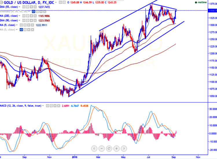 - The yellow metal has broken major resistance at $1332 (21- day MA) and jumped till $1352.61 at the time of writing. It is currently trading around $1351.63.
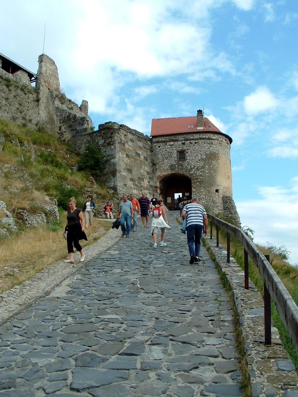 További kimerítő hegymászás végén pillantjuk meg magunk előtt a vár bejárati kapuját. Most már egyáltalán nem csodálkozunk azon, hogy várat a története során a törökök soha nem tudták elfoglalni. Ide még békében is nehéz dolog feljutni, hát még akkor, ha bentről még lőnek is az emberre! No, de haladjunk sorjában a vár történetével!
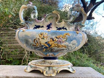 Vedo vaso/centrotavola decorato interamente a mano, in maioloca. L’ogetto in questione é datato fine 800’ primissimi del 900’ .
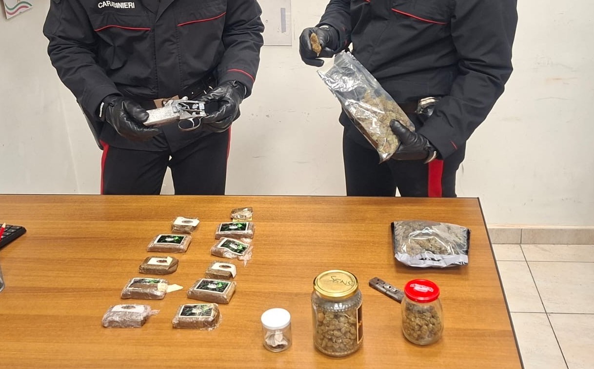 Dopo aver bloccato l’uomo, i militari hanno effettuato una perquisizione nella sua abitazione rinvenendo il castello, completo di scatola di scatto, di un fucile calibro 12 risultato provento di furto, nonché oltre un chilo di sostanze stupefacenti – tra hashish e marijuana – suddivise in panetti e buste occultate in un mobile della cucina.

TRY IT: Pictures aside, write out verbatim every line from the first line of the material through the line holding "Vedo vaso/centrotavola decorato".

RESPONSE:
 - The yellow metal has broken major resistance at $1332 (21- day MA) and jumped till $1352.61 at the time of writing. It is currently trading around $1351.63.
 További kimerítő hegymászás végén pillantjuk meg magunk előtt a vár bejárati kapuját. Most már egyáltalán nem csodálkozunk azon, hogy várat a története során a törökök soha nem tudták elfoglalni. Ide még békében is nehéz dolog feljutni, hát még akkor, ha bentről még lőnek is az emberre! No, de haladjunk sorjában a vár történetével!
 Vedo vaso/centrotavola decorato interamente a mano, in maioloca. L’ogetto in questione é datato fine 800’ primissimi del 900’ .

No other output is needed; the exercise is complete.